High-dimensional Bayesian Optimisation on Expensive Simulators

MSc Thesis

If you build a computationally expensive simulation (of entire economies, climate systems, brains, disease spread, galaxies, text), and it has a number of hyperparameters which you need to tune (interest rates, number of synaptic connections per neuron, vaccination rates, the Hubble constant \(H_0\), number of attention heads), how do you do this?

The volume of your parameter space will grow exponentially with every hyperparameter. Say you want to test at least 10 values for each hyperparameter, across 10 parameters. If you want to explore every combination, that’s immediately \( 10^{10} \) (10 billion)!

On top of this, if one run of your simulation takes 100 seconds (which seems modest), the total runtime will be \( 10^{10} * 100 \) seconds, or, in other words, 31,710 years!

Of course, we might be able to distribute these runs across compute nodes, having access to \( 10^6 \) nodes would reduce the runtime to around 12 days. But, this would be, in most situations, prohibitively expensive.

Can we be smarter about how we explore this parameter space? Do we need all \( 10^{10} \) samples, or can we get an acceptable loss value with fewer?

This is the game Bayesian Optimisation plays, and this is what I chose to write my MSc thesis on, in the context of expensive, high-dimensional macro-economic simulation models. In particular, a flavour of simulations known as agent-based modelling (ABM), which is typically described in this agent-environment lingo, but I like to just think of it as little computer people/animals/bugs running around a computer world, bumping into things and each other, buying stuff, eating stuff, running away from and towards each other (in sometimes beautiful fashion).

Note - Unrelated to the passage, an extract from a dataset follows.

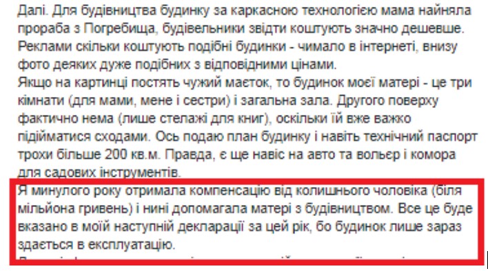 А по состоянию на начало 2016 дом матери нардепа был уже полностью построен. Продажа квартиры в Погребищах (городок, удаленный от Винницы более чем на полсотни километров) не мог окупить строительство дома с нуля под Киевом, установка забора на участке, несколько меньшей чем полгектара и создание искусственного водоема.

I was particularly interested in how we could use Bayesian Optimisation to efficiently calibrate expensive macro-economic ABMs, which often had dozens of hyperparameters.

Within the thesis, I:

  • Set up my notational mathematical world
  • Filled this with a few toy macro-economic ABMs
  • Pinned down some different SOTA calibration schemes
  • Used them on the toy models in question
  • Then, starting from the humble Gaussian, moving through multivariate Normal distributions and into covariance matrices, I build up an explanation of Gaussian Processes.
  • We layer on the magic of conditioning and acquisition functions, before applying the now fully-cooked Bayesian Optimisation calibration schemes to our toy ABMs.
  • I then discuss my main (attempted) innovation: in the most complex macro-economic ABMs, a subset of the hyperparameters are typically responsible for most of the variance.

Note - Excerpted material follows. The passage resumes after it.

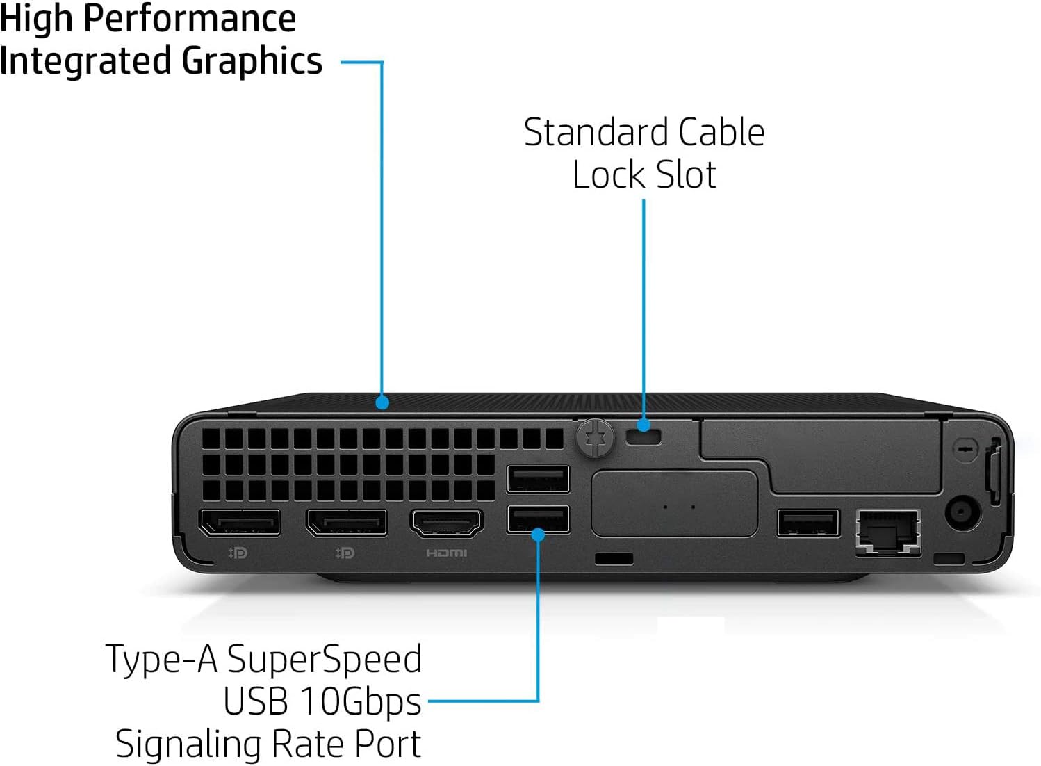 ■ Wireless ■ Wi-Fi 6 (2x2) and Bluetooth. Front: 1 headset connector; 1 SuperSpeed USB Type-A 10Gbps signaling rate; 1 SuperSpeed USB Type-A 10Gbps signaling rate (charging); 1 SuperSpeed USB Type-C 20Gbps signaling rate. Rear:1 external antenna connector; 1 power connector; 1 RJ-45; 3 SuperSpeed USB Type-A 10Gbps signaling rate; 2 DisplayPort 1.4; 1 HDMI 2.1.

This is a sub-field of high-dimensional Bayesian Optimisation, where various schemes are cooked up to project the entire space to one of lower dimensionality, and conduct the Bayesian Optimisation there, before projecting back up. I adapted some SOTA literature on macro-economic ABM calibration to use one of these methods, tried to combine it with some SOTA NeurIPS literature on the above (re-implementing it in BOTorch), with mixed results:

All in all, a project that I really deeply loved doing, which delivered a document that I sometimes look back on with immense fondness and pride.